§ WHAT TO PRODUCE
In the records below, the lines between the one holding "鬼脸天蛾,是鳞翅目天蛾科面形" and the one holding "One electronically tested", inclusive, are to be transcribed exactly; no pictures are to be included.

§ PROVIDED DATA
※ ※ ※
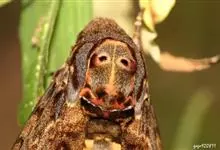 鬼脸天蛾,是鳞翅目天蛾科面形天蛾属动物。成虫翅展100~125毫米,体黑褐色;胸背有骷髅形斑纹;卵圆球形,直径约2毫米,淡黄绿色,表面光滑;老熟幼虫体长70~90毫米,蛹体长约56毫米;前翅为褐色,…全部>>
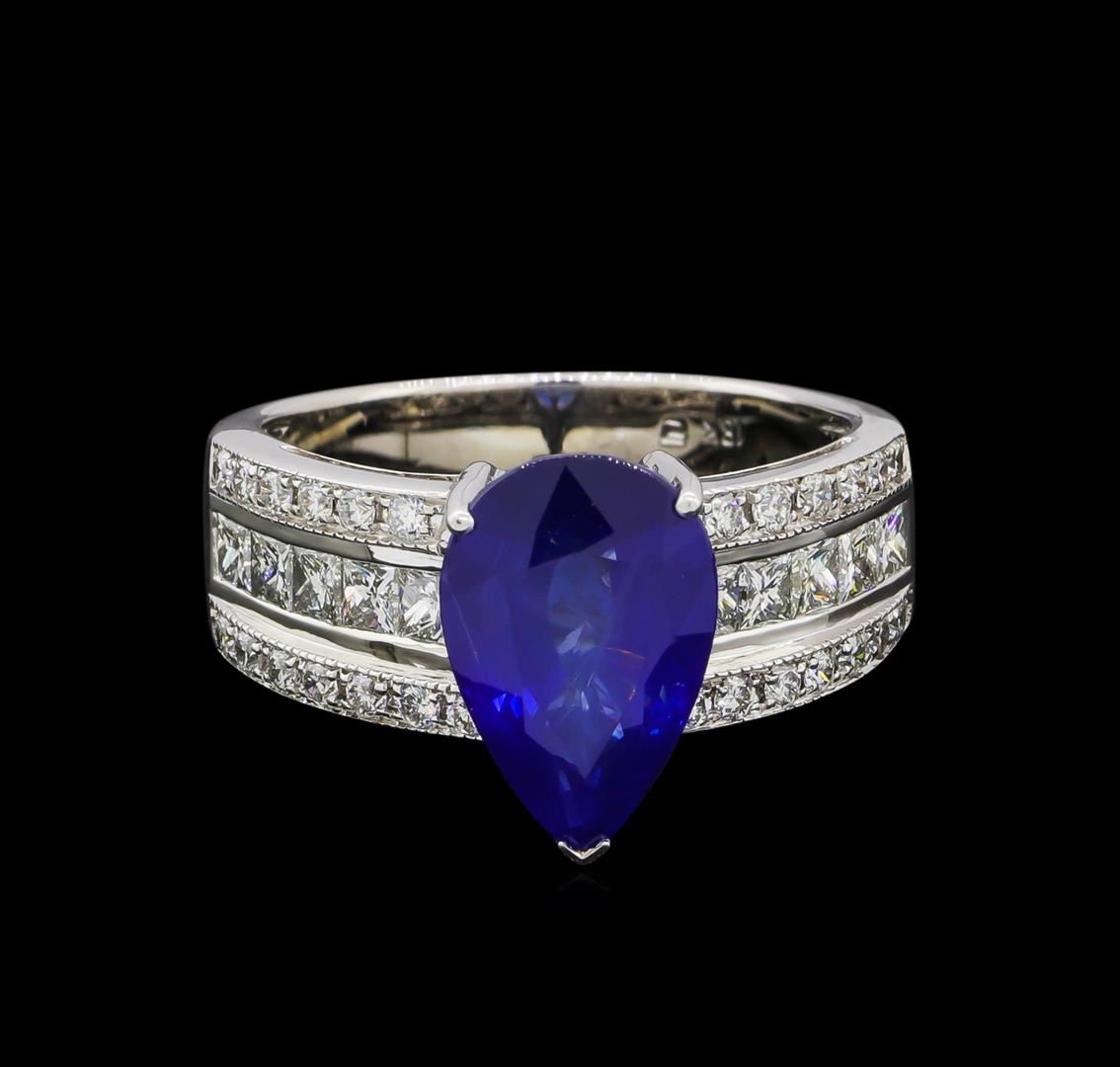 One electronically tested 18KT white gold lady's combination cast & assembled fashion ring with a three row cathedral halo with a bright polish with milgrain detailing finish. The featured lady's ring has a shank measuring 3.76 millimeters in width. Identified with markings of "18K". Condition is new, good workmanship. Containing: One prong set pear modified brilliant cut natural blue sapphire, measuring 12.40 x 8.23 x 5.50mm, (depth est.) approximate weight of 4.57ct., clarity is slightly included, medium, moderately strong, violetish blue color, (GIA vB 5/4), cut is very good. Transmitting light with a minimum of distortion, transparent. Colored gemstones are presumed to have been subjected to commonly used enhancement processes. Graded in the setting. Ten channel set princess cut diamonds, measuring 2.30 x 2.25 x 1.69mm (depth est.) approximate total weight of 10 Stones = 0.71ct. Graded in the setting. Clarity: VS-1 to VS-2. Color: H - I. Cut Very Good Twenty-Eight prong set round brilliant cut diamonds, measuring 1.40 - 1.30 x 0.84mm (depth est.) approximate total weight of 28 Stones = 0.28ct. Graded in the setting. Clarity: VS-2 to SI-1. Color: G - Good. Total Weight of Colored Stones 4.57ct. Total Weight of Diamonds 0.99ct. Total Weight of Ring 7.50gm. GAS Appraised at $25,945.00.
※ ※ ※
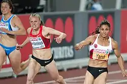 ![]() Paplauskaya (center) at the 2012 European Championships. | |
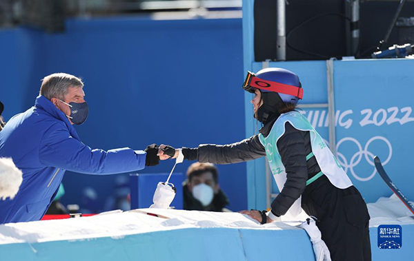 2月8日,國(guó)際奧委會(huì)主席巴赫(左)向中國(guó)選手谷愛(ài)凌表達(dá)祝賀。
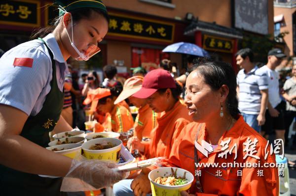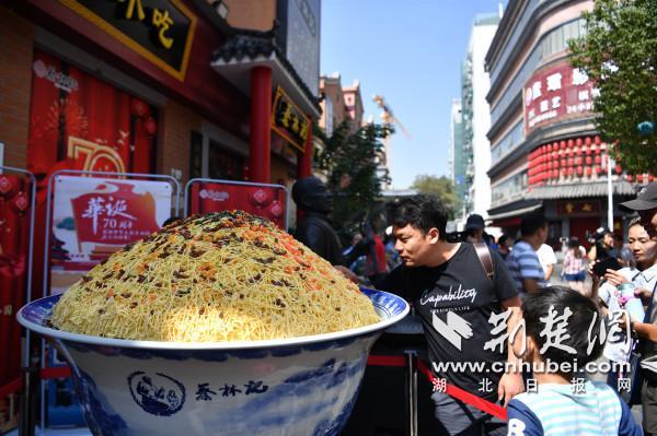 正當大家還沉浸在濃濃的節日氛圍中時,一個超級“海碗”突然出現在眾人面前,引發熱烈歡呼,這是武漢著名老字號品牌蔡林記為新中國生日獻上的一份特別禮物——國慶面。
※ ※ ※
§ SOLUTION FOR THIS TASK
 鬼脸天蛾,是鳞翅目天蛾科面形天蛾属动物。成虫翅展100~125毫米,体黑褐色;胸背有骷髅形斑纹;卵圆球形,直径约2毫米,淡黄绿色,表面光滑;老熟幼虫体长70~90毫米,蛹体长约56毫米;前翅为褐色,…全部>>
 One electronically tested 18KT white gold lady's combination cast & assembled fashion ring with a three row cathedral halo with a bright polish with milgrain detailing finish. The featured lady's ring has a shank measuring 3.76 millimeters in width. Identified with markings of "18K". Condition is new, good workmanship. Containing: One prong set pear modified brilliant cut natural blue sapphire, measuring 12.40 x 8.23 x 5.50mm, (depth est.) approximate weight of 4.57ct., clarity is slightly included, medium, moderately strong, violetish blue color, (GIA vB 5/4), cut is very good. Transmitting light with a minimum of distortion, transparent. Colored gemstones are presumed to have been subjected to commonly used enhancement processes. Graded in the setting. Ten channel set princess cut diamonds, measuring 2.30 x 2.25 x 1.69mm (depth est.) approximate total weight of 10 Stones = 0.71ct. Graded in the setting. Clarity: VS-1 to VS-2. Color: H - I. Cut Very Good Twenty-Eight prong set round brilliant cut diamonds, measuring 1.40 - 1.30 x 0.84mm (depth est.) approximate total weight of 28 Stones = 0.28ct. Graded in the setting. Clarity: VS-2 to SI-1. Color: G - Good. Total Weight of Colored Stones 4.57ct. Total Weight of Diamonds 0.99ct. Total Weight of Ring 7.50gm. GAS Appraised at $25,945.00.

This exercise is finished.